#### [RECORD EXTRACTS]
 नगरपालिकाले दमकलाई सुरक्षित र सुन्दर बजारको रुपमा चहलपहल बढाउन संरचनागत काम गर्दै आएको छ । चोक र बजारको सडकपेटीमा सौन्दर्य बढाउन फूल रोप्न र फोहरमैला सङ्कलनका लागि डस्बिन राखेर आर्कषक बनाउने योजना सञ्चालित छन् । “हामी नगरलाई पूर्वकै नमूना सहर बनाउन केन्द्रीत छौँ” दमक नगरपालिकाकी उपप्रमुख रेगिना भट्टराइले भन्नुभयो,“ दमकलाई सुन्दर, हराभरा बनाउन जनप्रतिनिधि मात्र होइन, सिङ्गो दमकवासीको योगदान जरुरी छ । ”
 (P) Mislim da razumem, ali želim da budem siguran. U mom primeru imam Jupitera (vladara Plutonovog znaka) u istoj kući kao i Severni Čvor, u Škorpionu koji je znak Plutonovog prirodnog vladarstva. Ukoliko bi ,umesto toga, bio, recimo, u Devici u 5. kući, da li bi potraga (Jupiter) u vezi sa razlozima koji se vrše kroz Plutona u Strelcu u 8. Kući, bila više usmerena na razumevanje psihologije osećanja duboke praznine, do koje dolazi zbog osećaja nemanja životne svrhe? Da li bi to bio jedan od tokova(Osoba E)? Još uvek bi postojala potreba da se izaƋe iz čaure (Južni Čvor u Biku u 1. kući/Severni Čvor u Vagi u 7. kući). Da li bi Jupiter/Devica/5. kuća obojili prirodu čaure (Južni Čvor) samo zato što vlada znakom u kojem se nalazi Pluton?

--

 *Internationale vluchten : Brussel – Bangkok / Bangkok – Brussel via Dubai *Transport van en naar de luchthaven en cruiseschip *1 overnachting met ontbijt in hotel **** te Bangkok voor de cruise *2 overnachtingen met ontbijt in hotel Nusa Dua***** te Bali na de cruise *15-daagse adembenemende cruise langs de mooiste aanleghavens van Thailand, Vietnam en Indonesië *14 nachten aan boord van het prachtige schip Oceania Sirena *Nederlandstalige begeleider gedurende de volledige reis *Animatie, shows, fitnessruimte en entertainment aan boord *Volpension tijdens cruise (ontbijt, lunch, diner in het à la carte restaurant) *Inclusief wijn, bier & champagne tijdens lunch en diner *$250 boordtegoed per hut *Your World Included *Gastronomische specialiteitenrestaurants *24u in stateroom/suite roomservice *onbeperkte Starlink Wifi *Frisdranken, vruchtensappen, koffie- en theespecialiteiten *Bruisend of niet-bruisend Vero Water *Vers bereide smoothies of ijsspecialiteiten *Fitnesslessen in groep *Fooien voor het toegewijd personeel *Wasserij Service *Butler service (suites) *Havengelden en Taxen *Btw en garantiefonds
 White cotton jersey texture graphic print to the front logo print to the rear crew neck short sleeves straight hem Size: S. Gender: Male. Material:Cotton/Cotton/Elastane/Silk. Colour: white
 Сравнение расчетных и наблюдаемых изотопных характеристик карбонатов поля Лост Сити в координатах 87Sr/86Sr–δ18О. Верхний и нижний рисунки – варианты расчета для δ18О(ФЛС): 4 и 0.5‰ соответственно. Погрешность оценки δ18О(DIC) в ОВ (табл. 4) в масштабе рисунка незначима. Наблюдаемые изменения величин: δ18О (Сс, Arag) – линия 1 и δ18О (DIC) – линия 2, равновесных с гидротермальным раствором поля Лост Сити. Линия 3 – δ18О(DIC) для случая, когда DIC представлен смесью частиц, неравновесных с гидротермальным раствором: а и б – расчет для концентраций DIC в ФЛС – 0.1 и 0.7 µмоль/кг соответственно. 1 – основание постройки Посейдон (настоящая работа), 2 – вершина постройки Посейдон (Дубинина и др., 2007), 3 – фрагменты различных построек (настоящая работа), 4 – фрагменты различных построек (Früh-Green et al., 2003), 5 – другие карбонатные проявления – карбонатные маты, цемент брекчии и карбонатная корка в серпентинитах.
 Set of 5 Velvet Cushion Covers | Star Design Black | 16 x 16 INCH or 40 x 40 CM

#### [TO DO]
Both end lines included, restate word for word the lines above from the line with "नगरपालिकाले दमकलाई सुरक्षित" to the line with "(P) Mislim da", and nothing else.

#### [RESULT]
 नगरपालिकाले दमकलाई सुरक्षित र सुन्दर बजारको रुपमा चहलपहल बढाउन संरचनागत काम गर्दै आएको छ । चोक र बजारको सडकपेटीमा सौन्दर्य बढाउन फूल रोप्न र फोहरमैला सङ्कलनका लागि डस्बिन राखेर आर्कषक बनाउने योजना सञ्चालित छन् । “हामी नगरलाई पूर्वकै नमूना सहर बनाउन केन्द्रीत छौँ” दमक नगरपालिकाकी उपप्रमुख रेगिना भट्टराइले भन्नुभयो,“ दमकलाई सुन्दर, हराभरा बनाउन जनप्रतिनिधि मात्र होइन, सिङ्गो दमकवासीको योगदान जरुरी छ । ”
 (P) Mislim da razumem, ali želim da budem siguran. U mom primeru imam Jupitera (vladara Plutonovog znaka) u istoj kući kao i Severni Čvor, u Škorpionu koji je znak Plutonovog prirodnog vladarstva. Ukoliko bi ,umesto toga, bio, recimo, u Devici u 5. kući, da li bi potraga (Jupiter) u vezi sa razlozima koji se vrše kroz Plutona u Strelcu u 8. Kući, bila više usmerena na razumevanje psihologije osećanja duboke praznine, do koje dolazi zbog osećaja nemanja životne svrhe? Da li bi to bio jedan od tokova(Osoba E)? Još uvek bi postojala potreba da se izaƋe iz čaure (Južni Čvor u Biku u 1. kući/Severni Čvor u Vagi u 7. kući). Da li bi Jupiter/Devica/5. kuća obojili prirodu čaure (Južni Čvor) samo zato što vlada znakom u kojem se nalazi Pluton?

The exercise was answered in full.